Monitoring parameters

LDFS allows you to use customized parameters to monitor the status of the instance. You can configure these parameter to record the status of the drivers and executors in job logs.

Parameter	Description	Default value
spark.monitor.cmd	The command group for job monitoring. Separate multiple commands with semicolons (;). The commands specified by this parameter are executed in sequence at regular intervals. The execution results of the commands are recorded in job logs. Sample monitoring commands: Monitor the system status: top -b -n 1, vmstat. Monitor the memory status: free -m. Monitor the I/O status: iostat -d -x -c -k. Monitor the disk status: df -h. Monitor the network status: sar -n DEV 1 1, netstat. Sample statements: Configure a single monitoring command: `"spark.monitor.cmd": "top -b -n 1"` Configure multiple monitoring commands: `"spark.monitor.cmd": "top -b -n 1; vmstat; free -m; iostat -d -x -c -k; df -h; sar -n DEV 1 1; netstat"` Important If you use Beeline or JDBC to submit a job, this parameter cannot be configured.	None
spark.monitor.interval	The interval at which the commands in the group are executed. Unit: seconds. The commands specified by the spark.monitor.cmd parameter are executed at the interval specified by this parameter.	60
spark.monitor.timeout	The timeout period for the monitoring commands.
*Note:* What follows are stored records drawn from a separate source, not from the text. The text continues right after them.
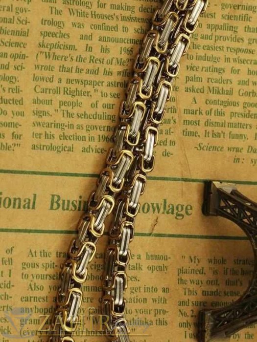 Ланците са направени от висококачествена медицинска стомана. Тя се отличава със своето качество, не предизвиква алергии и много трудно се износва. Може да се мокри без проблем. Позлатените елементи да се пазят от вода.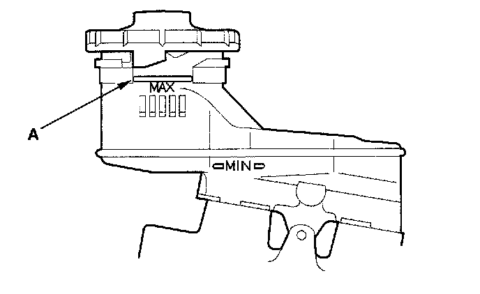 1. Make sure the brake fluid level in the reservoir is at the MAX (upper) level line (A).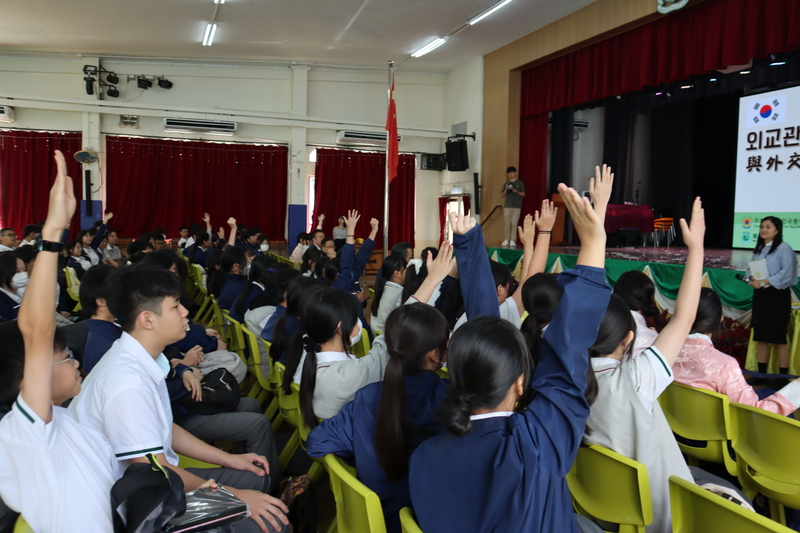 주홍콩대한민국총영사관(이하 총영사관)은 9월 5일 (금요일) 11:00-13:30 간 Kwun Tong 소재 ‘무광영어중고등학교’를 방문하여 “외교관과의 대화” 행사를 개최하였다.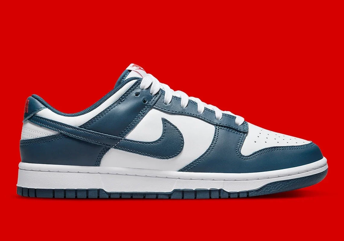 La Nike Dunk Low « USA » ou « Valerian blue » est une version de mai 2022 de la basket patriotique dans un coloris classique et une construction tout cuir. La version « USA » célèbre les principales fêtes observées aux États-Unis au printemps et en été. Ce modèle présente des superpositions bleu valérien qui sont contrastées par une base en cuir blanc sur le panneau central, les orteils et le talon. Des Swooshes bleus recouvrent les panneaux intermédiaires et des touches de rouge apparaissent sur la languette et le logo du talon pour compléter le design.
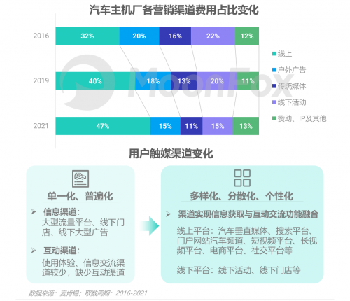 · 随着互联网用户用网行为的不断深入,车企持续增加对线上营销渠道的投入,公开数据显示,2021年线上营销投入占比47%,五年间提升了15个百分点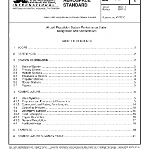 This SAE Aerospace Standard (AS) provides performance station designation and nomenclature systems for aircraft propulsion systems and their derivatives.

Unit: seconds. If the execution time of a monitoring command in the command group specified by the spark.monitor.cmd parameter exceeds the specified timeout period, the command is skipped and the subsequent commands are executed. This way, monitoring information can be recorded in logs without being blocked.	2

Parameters related to open source Spark

For more information about parameters related to open source Spark, see Spark Configuration.

Configuration method

When you submit jobs to LDPS, you can configure customized resource parameters. The configuration method varies with the method that you use to submit jobs.

Beeline

You can specify the configuration method by modifying the conf/beeline.conf configuration file in the Spark package where the Beeline command line tool is located. For more information, see Getting started.

The following code shows a sample configuration file:

# Endpoint of Lindorm Compute Engine, e.g. jdbc:hive2://123.456.XX.XX:10009/;?token=bb8a15-jaksdj-sdfjsd-ak****
endpoint=jdbc:hive2://ld-bp13ez23egd123****-proxy-ldps-pub.lindorm.aliyuncs.com:10009/;?token=jfjwi2453-fe39-cmkfe-afc9-01eek2j5****

# Username for connection, by default root.
user=root

# Password for connection, by default root.
password=root

# Whether to share Spark resource between different sessions, by default true.
shareResource=false

# Normal Spark configurations
spark.dynamicAllocation.enabled=true
spark.dynamicAllocation.minExecutors=3

JDBC

You can configure parameters by using the JDBC connection string. For more information about the JDBC URL, see Use JDBC in application development.

For example, you can use a JDBC connection string to set the default number of Spark shuffle partitions to 2 and the memory space used by the executor to 8 GB.

jdbc:hive2://${host}:${port}/;?token=${token};spark.executor.memory=8g;spark.sql.shuffle.partitions=2

JAR

You can configure parameters for a Java job based on a job content template when you submit the Java job in the Lindorm console. For more information, see Manage jobs in the Lindorm console.
When you use DMS to submit a Java job, you can configure customized parameters for the job in the Job configuration section of the job node page. For more information, see Use DMS to manage jobs.

Python

You can configure parameters for a Python job based on a job content template when you submit the Java job in the Lindorm console. For more information, see Manage jobs in the Lindorm console.
When you use DMS to submit a Python job, you can configure customized parameters for the job in the Job configuration section of the job node page. For more information, see Use DMS to manage jobs.